9. En dernier lieu, eu égard, d'une part, à ce qui a été dit ci-dessus au point 6, d'autre part, à la possibilité pour M. B de se faire représenter à l'audience du 21 mai 2024 au cours de laquelle doit être examinée par le tribunal administratif de Paris le recours en annulation qu'il a formé contre l'arrêté du préfet de police de Paris en date du 11 mars 2024 mentionné au point 4, la décision de refus d'entrée en litige ne porte pas une atteinte grave et manifestement illégale au droit de l'intéressé à un recours effectif.

10. Il résulte de tout ce qui précède, sans qu'il soit besoin de se prononcer sur la fin de non-recevoir opposée par le ministre de l'intérieur et des outre-mer, ni sur la condition d'urgence prévue à l'article L. 521-2 du code de justice administrative, que la requête de M. B doit être rejetée, y compris ses conclusions relatives aux frais liés au litige.

O R D O N N E :

Article 1er : La requête de M. B est rejetée.

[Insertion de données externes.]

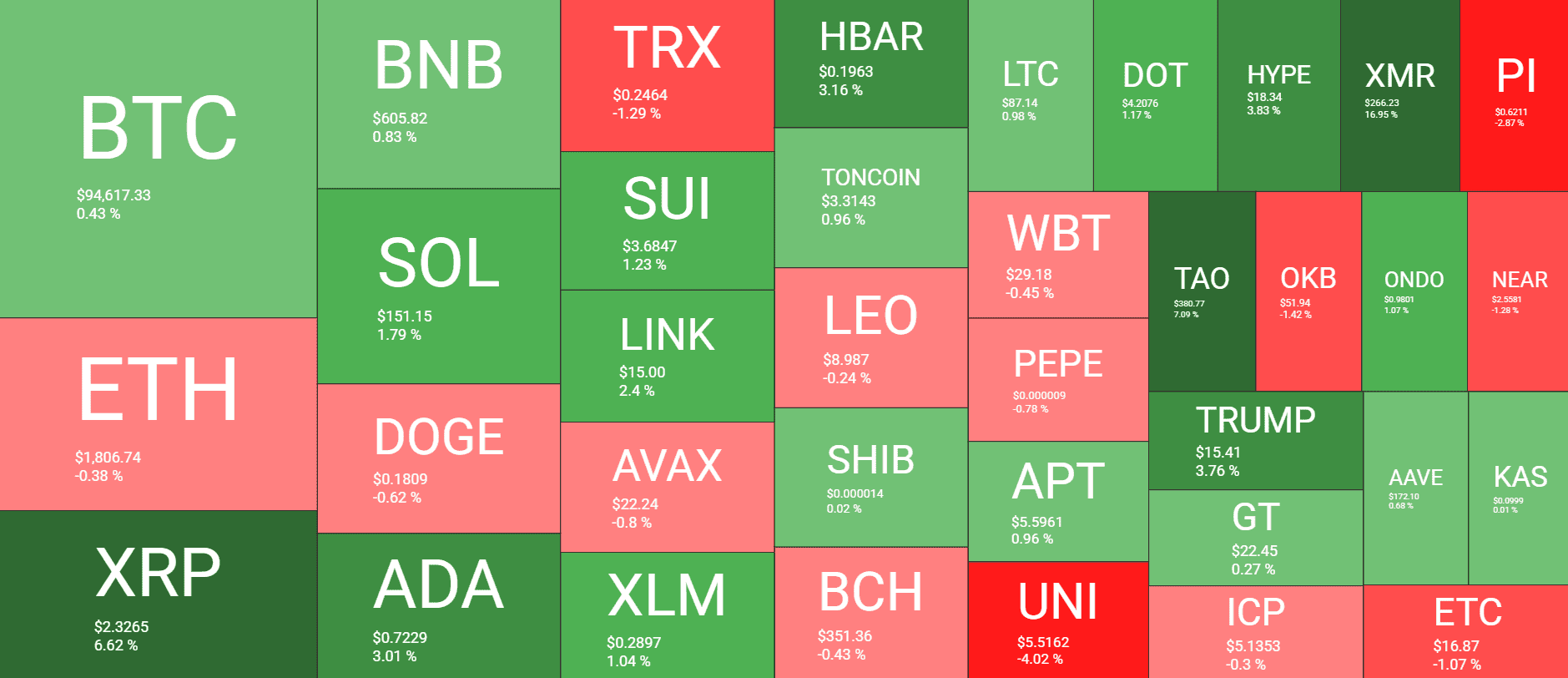 Les autres altcoins majeurs affichent des performances relativement stables. ADA, SOL, SUI, HBAR, LINK et XLM ont légèrement augmenté, tandis qu'ETH, DOGE, TRX et AVAX ont connu de légères baisses.

Article 2 : La présente ordonnance sera notifiée à M. A B et au ministre de l'intérieur et des outre-mer.

Fait à Melun, le 11 mai 2024.

Le juge des référés,La greffière,

Signé : P. ZanellaSigné : O. Dusautois

La République mande et ordonne au ministre de l'intérieur et des outre-mer en ce qui le concerne ou à tous commissaires de justice à ce requis en ce qui concerne les voies de droit commun contre les parties privées, de pourvoir à l'exécution de la présente décision.